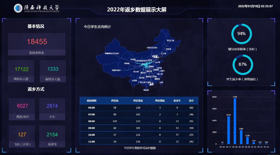 “老師,我們縣的車明天會來接我嗎?”“老師,我明天7點的火車,學(xué)校會幾點安排車送我呢?”“老師,我們新疆離得遠(yuǎn),學(xué)校能為我們聯(lián)系機(jī)場包機(jī)回家嗎?”類似這樣的問題,輔導(dǎo)員王一涵每天要被問到不下100次,她能做的就是及時告知同學(xué)們她所掌握的信息,當(dāng)好“信息統(tǒng)計員”,一遍一遍的核準(zhǔn)信息、及時審核上報,當(dāng)好“情緒疏導(dǎo)員”,對出現(xiàn)情緒波動的同學(xué)及時安撫疏導(dǎo)。在系統(tǒng)的另一端,組織部成立的10個工作專班迅速行動,實時對照系統(tǒng)信息聯(lián)系省內(nèi)11個地市、107個區(qū)縣,重點是陜南、陜北等火車不能到達(dá)的區(qū)縣,專班成員每天的通話記錄都在200條以上,這才有了大家所看到的每天來自全省各區(qū)縣的大巴車,源源不斷的來到學(xué)校,精準(zhǔn)的接上每一名同學(xué)。學(xué)工部田少寧與藏曉輝、張蕓、曲江月等3位專班成員,按照同學(xué)們離校的時段和人流量,安排送站車輛、協(xié)調(diào)運力,上萬人不同目的地的出行,既要不能讓“車等人”,也不能讓“人等車”,還得符合防疫要求,同學(xué)們出行的信息又隨著目的地政策的變化隨時在變,調(diào)度工作起來談何容易,為此專班成員們每天從早到晚電話響個不停,通宵達(dá)旦更是家常便飯。
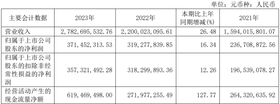2023年,华康股份实现营业收入27.83亿元,同比增长26.48%;归属于上市公司股东的净利润3.71亿元,同比增长16.34%;归属于上市公司股东的扣除非经常性损益的净利润3.57亿元,同比增长12.26%;经营活动产生的现金流量净额为6.19亿元,同比增长127.77%。
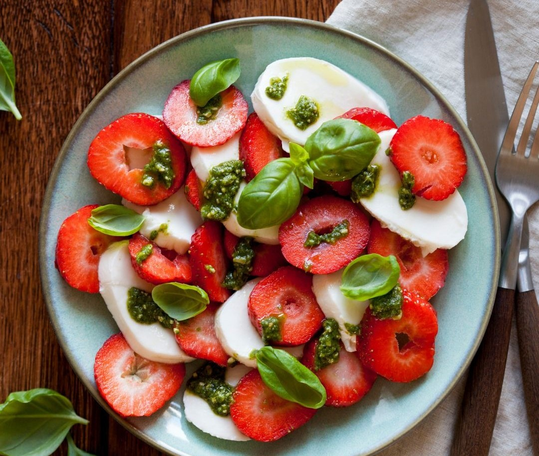 • Auf einem Teller abwechselnd die Erdbeerscheiben und Mozzarellascheiben anordnen.
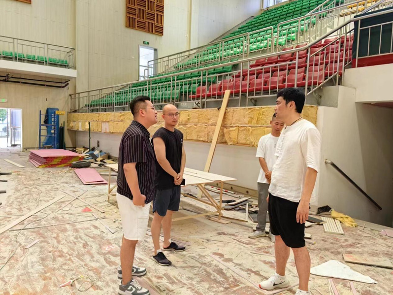 7月18日,7790cnm必发集团经理郭大勇、综合办主任潘乐走访检查暑期体育场馆。对暑期对外开放的游泳池、羽毛球馆和乒乓球馆进行实地走访,监督检验暑期改造的体育场的施工进度。

_____

◆ Directions for this task: Please reproduce the listing exactly, leaving out any pictures.

◆ Task answer:
 “老師,我們縣的車明天會來接我嗎?”“老師,我明天7點的火車,學(xué)校會幾點安排車送我呢?”“老師,我們新疆離得遠(yuǎn),學(xué)校能為我們聯(lián)系機(jī)場包機(jī)回家嗎?”類似這樣的問題,輔導(dǎo)員王一涵每天要被問到不下100次,她能做的就是及時告知同學(xué)們她所掌握的信息,當(dāng)好“信息統(tǒng)計員”,一遍一遍的核準(zhǔn)信息、及時審核上報,當(dāng)好“情緒疏導(dǎo)員”,對出現(xiàn)情緒波動的同學(xué)及時安撫疏導(dǎo)。在系統(tǒng)的另一端,組織部成立的10個工作專班迅速行動,實時對照系統(tǒng)信息聯(lián)系省內(nèi)11個地市、107個區(qū)縣,重點是陜南、陜北等火車不能到達(dá)的區(qū)縣,專班成員每天的通話記錄都在200條以上,這才有了大家所看到的每天來自全省各區(qū)縣的大巴車,源源不斷的來到學(xué)校,精準(zhǔn)的接上每一名同學(xué)。學(xué)工部田少寧與藏曉輝、張蕓、曲江月等3位專班成員,按照同學(xué)們離校的時段和人流量,安排送站車輛、協(xié)調(diào)運力,上萬人不同目的地的出行,既要不能讓“車等人”,也不能讓“人等車”,還得符合防疫要求,同學(xué)們出行的信息又隨著目的地政策的變化隨時在變,調(diào)度工作起來談何容易,為此專班成員們每天從早到晚電話響個不停,通宵達(dá)旦更是家常便飯。
2023年,华康股份实现营业收入27.83亿元,同比增长26.48%;归属于上市公司股东的净利润3.71亿元,同比增长16.34%;归属于上市公司股东的扣除非经常性损益的净利润3.57亿元,同比增长12.26%;经营活动产生的现金流量净额为6.19亿元,同比增长127.77%。
 • Auf einem Teller abwechselnd die Erdbeerscheiben und Mozzarellascheiben anordnen.
 7月18日,7790cnm必发集团经理郭大勇、综合办主任潘乐走访检查暑期体育场馆。对暑期对外开放的游泳池、羽毛球馆和乒乓球馆进行实地走访,监督检验暑期改造的体育场的施工进度。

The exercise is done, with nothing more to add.